» **ACTIVITY**
Keep the images out and set the listing below down word for word.

» **RECORDED INFORMATION**
*-*-*
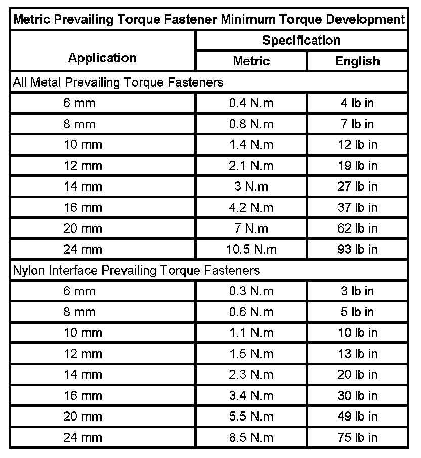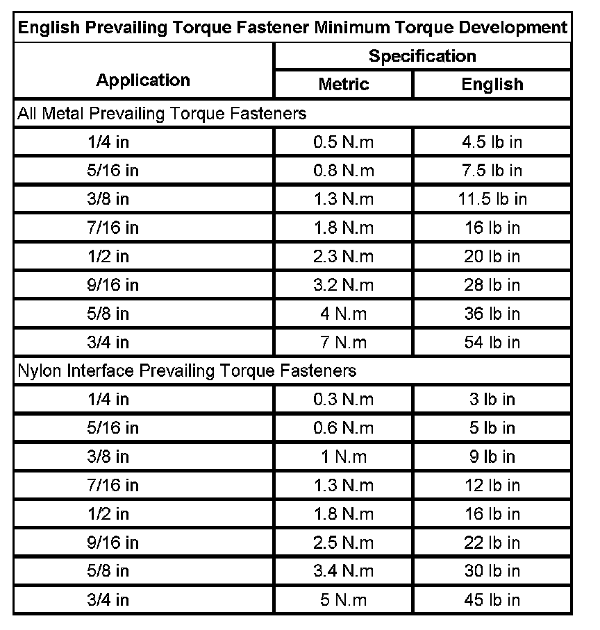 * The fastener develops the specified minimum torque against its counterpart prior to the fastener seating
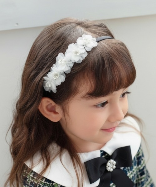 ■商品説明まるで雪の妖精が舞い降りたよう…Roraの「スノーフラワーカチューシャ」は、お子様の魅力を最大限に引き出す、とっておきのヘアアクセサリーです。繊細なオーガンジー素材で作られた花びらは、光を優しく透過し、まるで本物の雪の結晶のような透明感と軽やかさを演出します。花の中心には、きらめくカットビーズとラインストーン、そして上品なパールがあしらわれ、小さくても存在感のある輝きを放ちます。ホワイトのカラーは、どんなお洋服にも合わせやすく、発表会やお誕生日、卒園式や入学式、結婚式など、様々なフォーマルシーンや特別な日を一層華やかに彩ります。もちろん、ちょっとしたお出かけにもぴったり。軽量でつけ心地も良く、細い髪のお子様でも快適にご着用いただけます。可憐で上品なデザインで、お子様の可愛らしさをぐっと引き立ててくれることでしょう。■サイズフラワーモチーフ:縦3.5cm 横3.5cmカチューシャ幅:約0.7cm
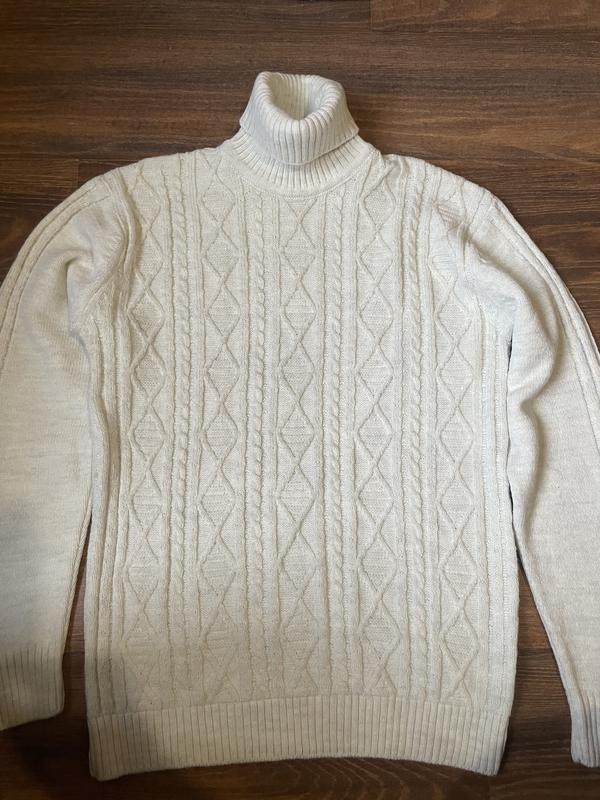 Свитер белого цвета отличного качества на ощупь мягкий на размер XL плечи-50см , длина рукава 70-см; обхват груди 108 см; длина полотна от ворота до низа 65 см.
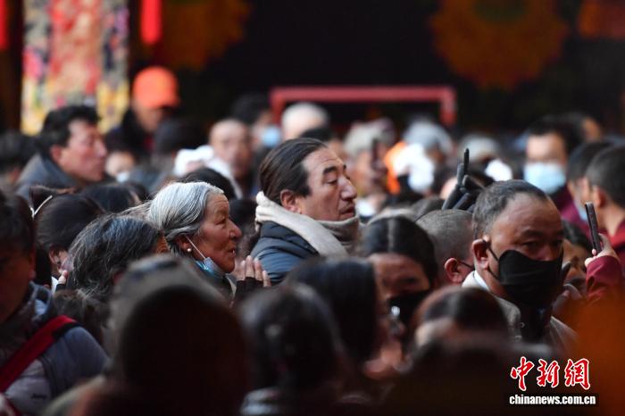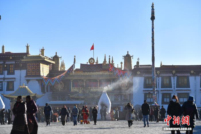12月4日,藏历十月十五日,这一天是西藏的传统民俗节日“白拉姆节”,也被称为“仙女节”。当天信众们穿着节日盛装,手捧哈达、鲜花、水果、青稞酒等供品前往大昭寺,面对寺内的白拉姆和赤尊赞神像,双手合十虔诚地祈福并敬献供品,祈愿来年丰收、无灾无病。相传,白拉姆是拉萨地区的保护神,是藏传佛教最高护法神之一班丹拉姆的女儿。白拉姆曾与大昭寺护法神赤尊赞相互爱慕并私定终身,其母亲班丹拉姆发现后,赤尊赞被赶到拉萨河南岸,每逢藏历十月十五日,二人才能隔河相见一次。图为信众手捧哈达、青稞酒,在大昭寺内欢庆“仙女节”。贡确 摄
*-*-*
» **TASK OUTPUT**
 * The fastener develops the specified minimum torque against its counterpart prior to the fastener seating
 ■商品説明まるで雪の妖精が舞い降りたよう…Roraの「スノーフラワーカチューシャ」は、お子様の魅力を最大限に引き出す、とっておきのヘアアクセサリーです。繊細なオーガンジー素材で作られた花びらは、光を優しく透過し、まるで本物の雪の結晶のような透明感と軽やかさを演出します。花の中心には、きらめくカットビーズとラインストーン、そして上品なパールがあしらわれ、小さくても存在感のある輝きを放ちます。ホワイトのカラーは、どんなお洋服にも合わせやすく、発表会やお誕生日、卒園式や入学式、結婚式など、様々なフォーマルシーンや特別な日を一層華やかに彩ります。もちろん、ちょっとしたお出かけにもぴったり。軽量でつけ心地も良く、細い髪のお子様でも快適にご着用いただけます。可憐で上品なデザインで、お子様の可愛らしさをぐっと引き立ててくれることでしょう。■サイズフラワーモチーフ:縦3.5cm 横3.5cmカチューシャ幅:約0.7cm
 Свитер белого цвета отличного качества на ощупь мягкий на размер XL плечи-50см , длина рукава 70-см; обхват груди 108 см; длина полотна от ворота до низа 65 см.
12月4日,藏历十月十五日,这一天是西藏的传统民俗节日“白拉姆节”,也被称为“仙女节”。当天信众们穿着节日盛装,手捧哈达、鲜花、水果、青稞酒等供品前往大昭寺,面对寺内的白拉姆和赤尊赞神像,双手合十虔诚地祈福并敬献供品,祈愿来年丰收、无灾无病。相传,白拉姆是拉萨地区的保护神,是藏传佛教最高护法神之一班丹拉姆的女儿。白拉姆曾与大昭寺护法神赤尊赞相互爱慕并私定终身,其母亲班丹拉姆发现后,赤尊赞被赶到拉萨河南岸,每逢藏历十月十五日,二人才能隔河相见一次。图为信众手捧哈达、青稞酒,在大昭寺内欢庆“仙女节”。贡确 摄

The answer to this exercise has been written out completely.